WORK ITEM =>
Omit the images, then repeat the listing exactly.

SOURCE DATA =>
※ ※ ※

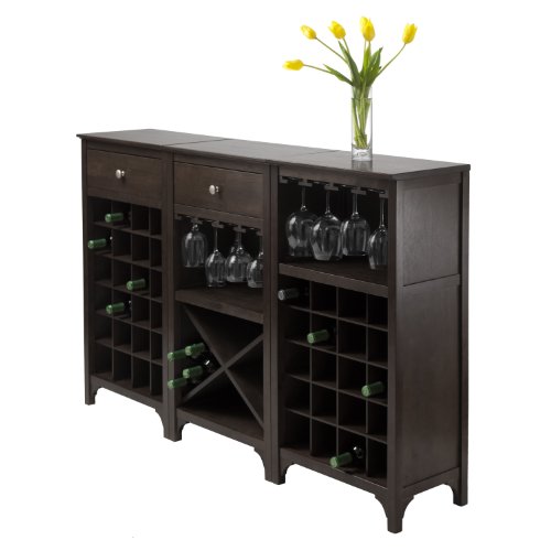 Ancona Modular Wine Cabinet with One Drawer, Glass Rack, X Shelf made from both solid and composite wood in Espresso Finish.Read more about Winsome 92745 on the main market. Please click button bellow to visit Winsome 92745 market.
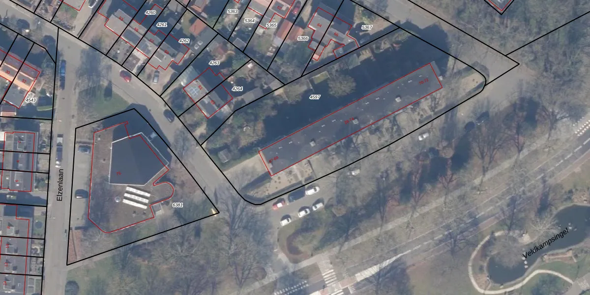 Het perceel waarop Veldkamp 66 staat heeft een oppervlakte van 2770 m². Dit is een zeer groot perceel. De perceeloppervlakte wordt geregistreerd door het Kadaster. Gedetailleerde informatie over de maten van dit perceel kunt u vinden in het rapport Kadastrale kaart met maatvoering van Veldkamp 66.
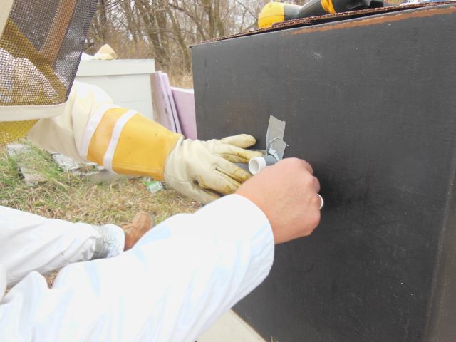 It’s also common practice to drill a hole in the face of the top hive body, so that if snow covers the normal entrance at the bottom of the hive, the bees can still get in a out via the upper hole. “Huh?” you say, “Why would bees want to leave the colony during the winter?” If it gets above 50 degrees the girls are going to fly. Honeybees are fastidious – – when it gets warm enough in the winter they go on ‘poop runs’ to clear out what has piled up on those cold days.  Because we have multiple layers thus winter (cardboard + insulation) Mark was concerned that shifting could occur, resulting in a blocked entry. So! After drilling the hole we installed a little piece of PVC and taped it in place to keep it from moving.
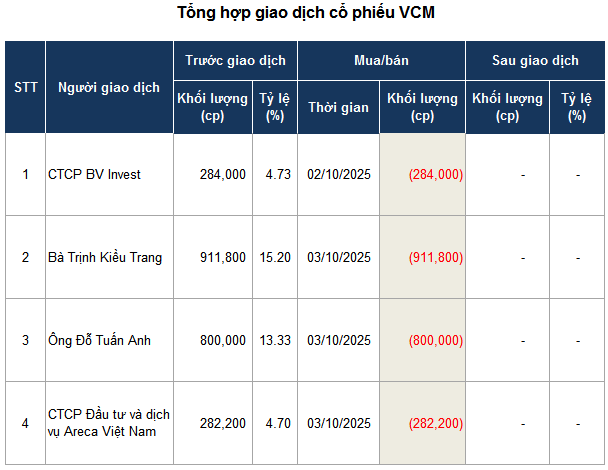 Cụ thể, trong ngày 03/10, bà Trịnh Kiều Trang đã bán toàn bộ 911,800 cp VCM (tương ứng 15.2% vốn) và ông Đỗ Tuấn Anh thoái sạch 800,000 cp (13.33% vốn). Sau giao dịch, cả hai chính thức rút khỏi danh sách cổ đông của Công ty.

※ ※ ※

EXPECTED ANSWER =>
 Ancona Modular Wine Cabinet with One Drawer, Glass Rack, X Shelf made from both solid and composite wood in Espresso Finish.Read more about Winsome 92745 on the main market. Please click button bellow to visit Winsome 92745 market.
 Het perceel waarop Veldkamp 66 staat heeft een oppervlakte van 2770 m². Dit is een zeer groot perceel. De perceeloppervlakte wordt geregistreerd door het Kadaster. Gedetailleerde informatie over de maten van dit perceel kunt u vinden in het rapport Kadastrale kaart met maatvoering van Veldkamp 66.
 It’s also common practice to drill a hole in the face of the top hive body, so that if snow covers the normal entrance at the bottom of the hive, the bees can still get in a out via the upper hole. “Huh?” you say, “Why would bees want to leave the colony during the winter?” If it gets above 50 degrees the girls are going to fly. Honeybees are fastidious – – when it gets warm enough in the winter they go on ‘poop runs’ to clear out what has piled up on those cold days.  Because we have multiple layers thus winter (cardboard + insulation) Mark was concerned that shifting could occur, resulting in a blocked entry. So! After drilling the hole we installed a little piece of PVC and taped it in place to keep it from moving.
 Cụ thể, trong ngày 03/10, bà Trịnh Kiều Trang đã bán toàn bộ 911,800 cp VCM (tương ứng 15.2% vốn) và ông Đỗ Tuấn Anh thoái sạch 800,000 cp (13.33% vốn). Sau giao dịch, cả hai chính thức rút khỏi danh sách cổ đông của Công ty.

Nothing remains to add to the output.